Histogram of the sample is presented in Figure 4. Kernel estimations of the probability density function are shown in Figure 5 (two kernel estimations were used: Epanechnikov kernel with a bandwidth of 0.096 and Gaussian kernel with a bandwidth of 0.101). The dotted curve in Figure 5 is a probability density function of a normal distribution estimated by the maximum likelihood method.
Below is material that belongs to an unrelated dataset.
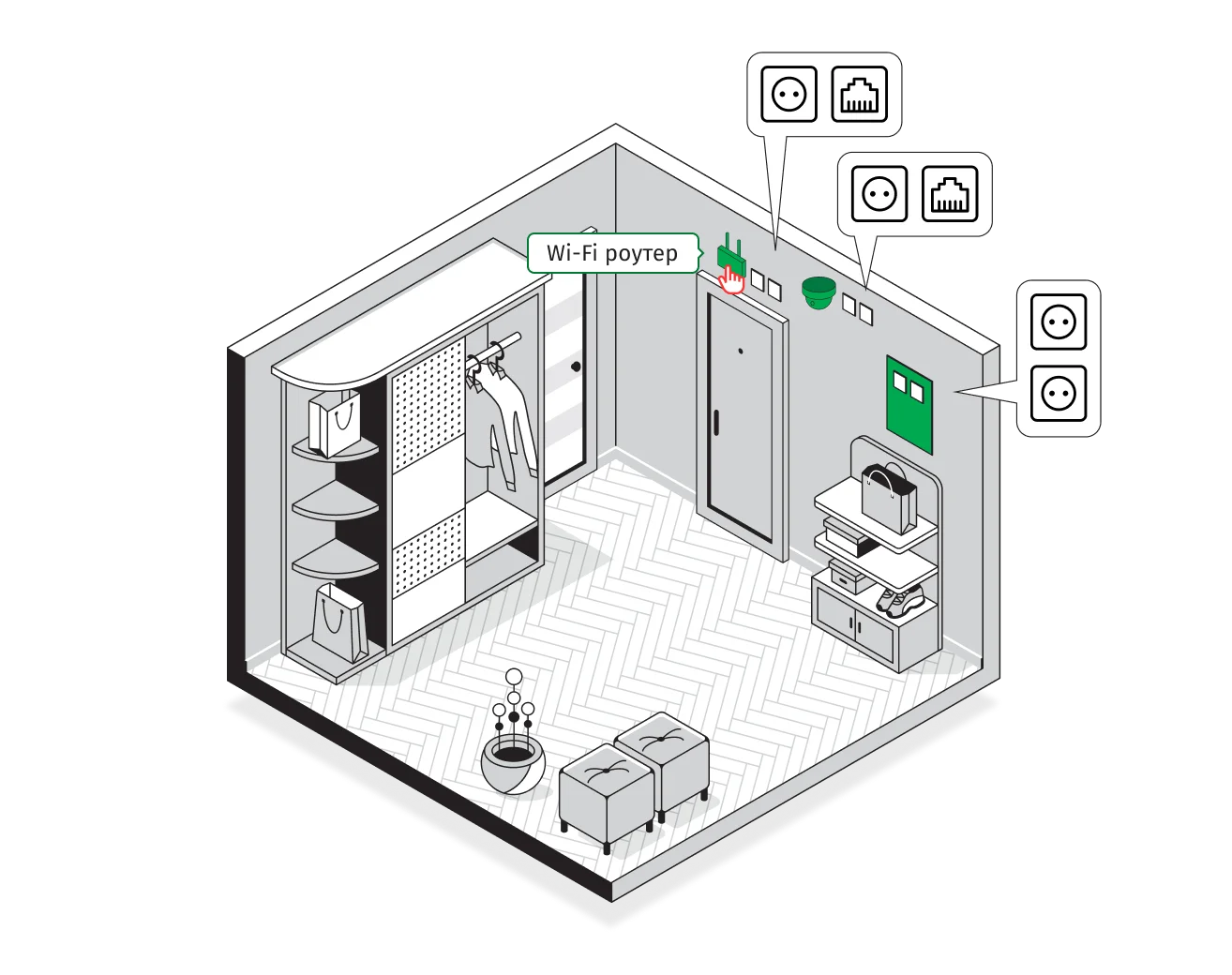 1 розетка 220В в месте установки роутера,

Note: The bandwidth of the Gaussian kernel was computed as hGauss = 0.9 × min(σ, SIQR) × n-1/5, where σ is the standard deviation, SIQR is the standardised interquartile range (i.e. the interquartile range of the data sample divided by the interquartile range of the standard normal density) and n is the number of observations; see Silverman, Density Estimation for Statistics and Data Analysis, p. 48, formula (3.31). The bandwidth of the Epanechnikov kernel was chosen subjectively in the range from 0.75×hGauss to 1.25×hGauss.

Fig. 4: Histogram

Fig. 4: Histogram

Fig. 5: Probability density estimations

Fig. 5: Probability density estimations

7. Test of normality

The Lilliefors test of normality was used. The test statistic of 0.090 is less than the cutoff value of 0.135 for a 95% level test. Thus we cannot reject the hypothesis of normality at the 95% level of significance. Normal probability plot of the sample is presented in Figure 6.
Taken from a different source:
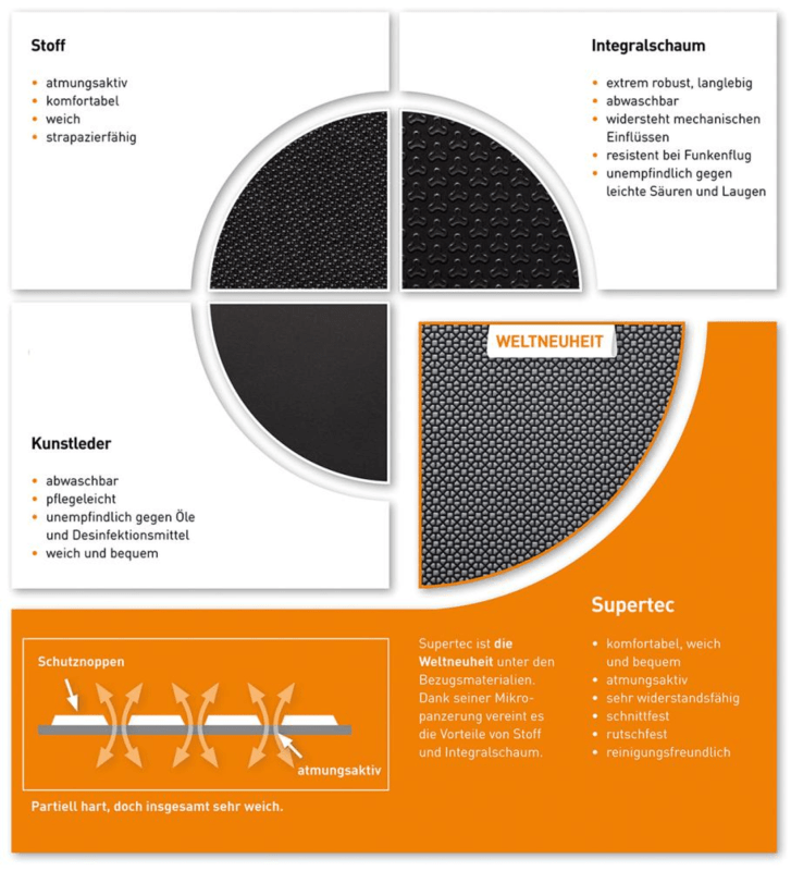 • Integralschaum: robust, atmungsaktiv, beständig gegen leichte Säuren und Laugen, leicht abwaschbar, problemlos zu reinigen

Fig. 6: Normal probability plot

Fig. 6: Normal probability plot

 


References:

Conover, W. J.:Practical Nonparametric Statistics, Third Edition. John Wiley & Sons, Inc., New York - Chichester - Weinheim - Brisbane - Singapore - Toronto, 1999.
Houghton, Arthur:Coins of the Seleucid Empire from the Collection of Arthur Houghton. The American Numismatic Society, New York, 1983. (abbr. CSE)
Houghton, Arthur; Spaer, Arnold (with the assistance of Catharine Lorber):Sylloge Nummorum Graecorum. Israel I. The Arnold Spaer Collection of Seleucid Coins. Italo Vecchi Ltd., London, 1998. (abbr. SNG Spaer)
Silverman, B.W.:Density Estimation for Statistics and Data Analysis. Chapman and Hall, London - New York - Tokyo - Melbourne - Madras, 1993 (reprint of the first edition published in 1986).